Deprivation of Liberty Safeguards (DoLS)

The care that a person receives in a care home or hospital will often involve both supervision and control.

Staff will check in on and watch residents or patients. They will manage activities, and control things such as meals and bedtimes. This care is usually what the person needs, but it can deprive them of their freedom if they have not consented (agreed) to it.

If a person is being supervised and controlled continuously this may count as a deprivation of liberty. This does not necessarily mean 24 hours a day. If they are being watched and controlled for lengthy periods this could still be classed as a deprivation of liberty.

If a person is not free to leave the place where they are being cared for, this may be a deprivation of their liberty.

Even if the person is not physically able to leave by themselves, the question is still the same – if they tried to leave, would they be stopped? If the answer is yes – and they are unable to consent or refuse this and are not free to leave – then they are being deprived of their liberty.

The care a person with dementia receives can only deprive them of their liberty if they are unable to consent or refuse that care.

If the person has freely chosen their situation, then they have not given up any of their freedom. A deprivation of liberty only happens when someone lacks the ability to decide for themselves about their care. The ability to decide is known as ‘mental capacity.

Giving consent (or ‘consenting’) means giving permission for something to happen. A person consents if they:

• agree by choice
• have the freedom and mental capacity to make that choice.

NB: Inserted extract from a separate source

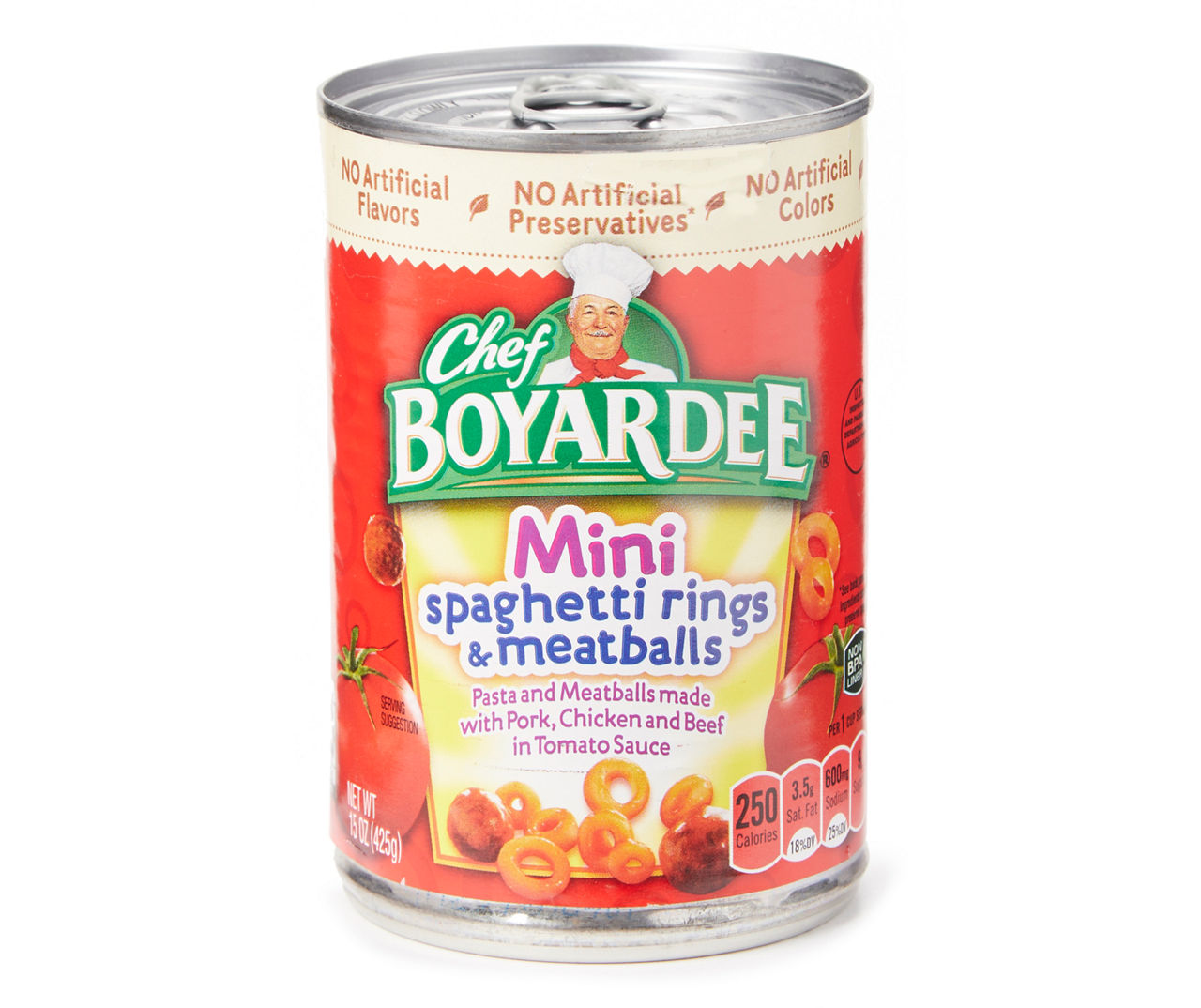 Chef Boyardee Spaghetti & Meatballs - 14.5oz : Target Each 14.5 oz, easy-open can of Chef Boyardee Spaghetti and Meatballs contains 2 servings of meatballs, pasta, and tomato sauce, with 9 grams of protein and 260 calories per serving. With no artificial flavors, colors, or preservatives, Chef Boyardee makes a wholesome meal for kids of ALL ages.
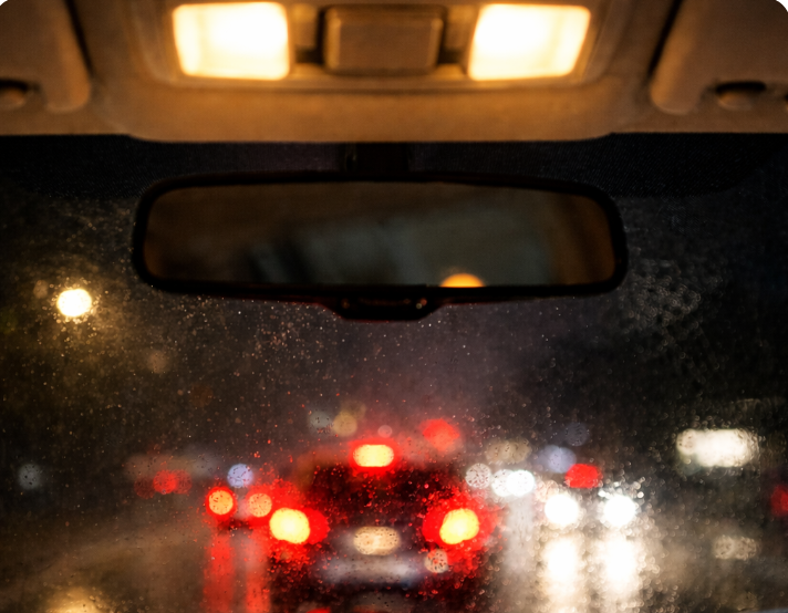 車内が明るいと、フロントガラスに車内の様子が映り込み、外の景色(必要な情報)が全く見えなくなります。

In England and Wales, the Mental Capacity Act 2005 sets out criteria for a person to be able to make a decision. This includes giving consent. A person must be able to do all of the following:

• Understand the information about the decision – in these cases, the options for care and living arrangements.
• Retain that information long enough to be able to make a decision.
• Weigh up the information available and understand the consequences of the decision.
• Communicate the decision by any possible means – such as talking, using sign language or using simple movements such as blinking an eye or squeezing a hand.

The person’s dementia can mean they cannot do one or more of these. This is due to ‘impairment or disturbance in the functioning of the mind or brain’. This means they would lack the capacity to make that decision at that time.

A person can have the capacity to make some decisions and not others. For some decisions, they will need to understand more complex information or weigh up more options than others. For example, a person with dementia may be able to choose between two meal options (fish or stew), but not take into account all the relevant information about different care and treatment options. An example could be not understanding why the care home front door is locked and they cannot go outside).

Importantly, a diagnosis of dementia does not mean that someone automatically lacks mental capacity. Mental capacity can also change over time. For example, a person with dementia might be able to think more clearly on some days and not others, or at certain times of the day.

Brenda lives at home with her husband. Since being diagnosed with Alzheimer’s disease, Brenda has found that she needs more care and support at home. In time, and as her dementia gets worse, she becomes unable to make her own decisions about her care and where she will receive that care.

Her husband feels that she now needs more care and support than he can offer and that she may need full-time care in a care home. He arranges for the local authority to assess her care needs, and the social worker agrees that she needs full-time care.

The next step is to arrange the move into a care home, and the social worker explains that there will be a Deprivation of Liberty Safeguards assessment. This is needed as Brenda lacks capacity to make the choice to move into a care home, and so by moving there she may be deprived of her liberty. This is because her care needs mean that she may be under continuous supervision and control by staff, and she will not be allowed to leave the care home.

Two assessors call to assess Brenda and the proposed care she will receive. As part of this process, they speak to her husband about his feelings on the proposed care. They agree that depriving Brenda of her freedom in this way is the right thing to do for her, and so this deprivation of liberty is authorised by the local authority. Brenda then moves to the care home, and her husband is appointed as her representative.